Spain, a Nazi hideout
The book ‘Bajo el manto del Caudillo’ depicts Franco’s Spain as the European country where the most high-ranking officials and collaborators of the Third Reich were in hiding
Paris had already been liberated. The fall of Berlin seemed imminent. The world war was over and hundreds of Nazis found refuge in Spain: a kindred country, with a brotherly regime. Not only did grassroots Nazis arrive, but also high-ranking officials from the Third Reich, from Mussolini’s Italy, from other fascist regimes such as the Independent State of Croatia and collaborators from Vichy France. Those defeated crossed the Pyrenees on foot or by car, and they also came in small boats or airplanes. They then secretly remained in hiding in the Spain of the 1940s.
They were protected by the Franco regime. Under false names. Housed in the spas of Sobrón (Álava), Urberuaga de Ubilla and Molinar de Carranza (Biscay), Jaraba (Zaragoza) and Caldas de Malavella (Girona). Lodged in the Palace hotel (Madrid), in houses in El Viso (also in the capital) and in Marbella (Malaga), they sought to avoid deportation. They evaded foreign spies who came to capture them or even to bump them off. This is how they are portrayed in Bajo el manto del Caudillo (Under the Caudillo’s mantle), a book written by historian José Luis Rodríguez Jiménez after decades of study and which constitutes the most extensive research done to date on a secret subject purged from Spanish archives.
One case is that of Reinhard Spitzy. German SS Captain. Military spy of the Nazi Abwehr (intelligence service). He knew he was wanted in Spain and hid well, taking shelter in a sacred place. He stayed in the priest’s house in Oreña (Cantabria), then in the collegiate church of Santillana del Mar where he lived as a monk, and eventually he became known as “Brother Ricardo of Ireland” in the Burgos monastery of San Pedro de Cardeña, in Castrillo del Val, where he spent more than a year. The author says that to be able to accomplish his escape plan to Argentina, Spitzy sold the blueprints for the construction of an anti-aircraft rocket to the Spanish Army through the Falangist general Juan Yagüe. As a result, he received protection and false Spanish documentation for himself and his family, and in 1948 they departed for Argentina, the great haven of Nazi peace in South America.

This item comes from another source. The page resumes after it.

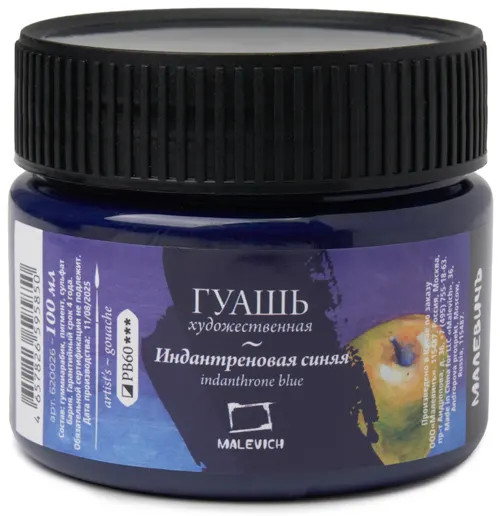 МалевичЪ Гуашь художественная профессиональная, индантреновая синяя

Another case had a very distinct ending. It was June 1945. French policemen under false identities entered Spain in search of Michel Szkolnikov, who lived in the Madrid colony of El Viso with his Berlin partner, Elfriede Tietz, also known as Hélène Samson. Both had been profiting in occupied France by dealing on the black market for the Germans. The plan was to capture him, take him to France and interrogate him there. But the agents of democratic France went too far. “Szkolnikov died in the car, only 30 kilometers from the capital, as a result of a beating to subdue him. The French agents decided to burn the corpse and disappear, but were arrested shortly after by the Spanish police,” says the author, professor of Contemporary History at the Universidad Rey Juan Carlos.

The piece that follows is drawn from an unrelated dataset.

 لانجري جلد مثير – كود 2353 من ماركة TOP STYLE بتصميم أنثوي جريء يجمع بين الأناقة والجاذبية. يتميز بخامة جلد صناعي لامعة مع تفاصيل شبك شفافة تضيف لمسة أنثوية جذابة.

The book is a journey into these secret lives shaped by the defeat of Nazism and Fascism in Europe and the individual fear of trials and possible executions. The hunters being hunted down. It is also a glimpse of an uncomfortable reality for the Franco regime. First, because the Allies knew that Spain had become the European country that welcomed the largest number of Nazis, fascists, ultra-right-wingers and collaborators with the Third Reich since the second half of 1944. And their presence was a cause of tension with the Allies in the midst of Spain’s international isolation.
However, the arrivals also provided an opportunity for the Franco dictatorship, which helped Nazis and collaborators hiding in Spain. It did not do so only out of ideological sympathy, interests were involved too. As explained to EL PAÍS by the book’s author, two main reasons influenced their protection. First of all, “given their knowledge of the Spanish-German collaboration, it was not convenient for them to be interrogated by Allied officials.” Secondly, these German and French fugitives had performed roles of economic management, espionage and for the political police in the front line and could continue to contribute their experience in these areas. Therefore, they were a recruitable talent for Franco’s Spain and could be potential spies.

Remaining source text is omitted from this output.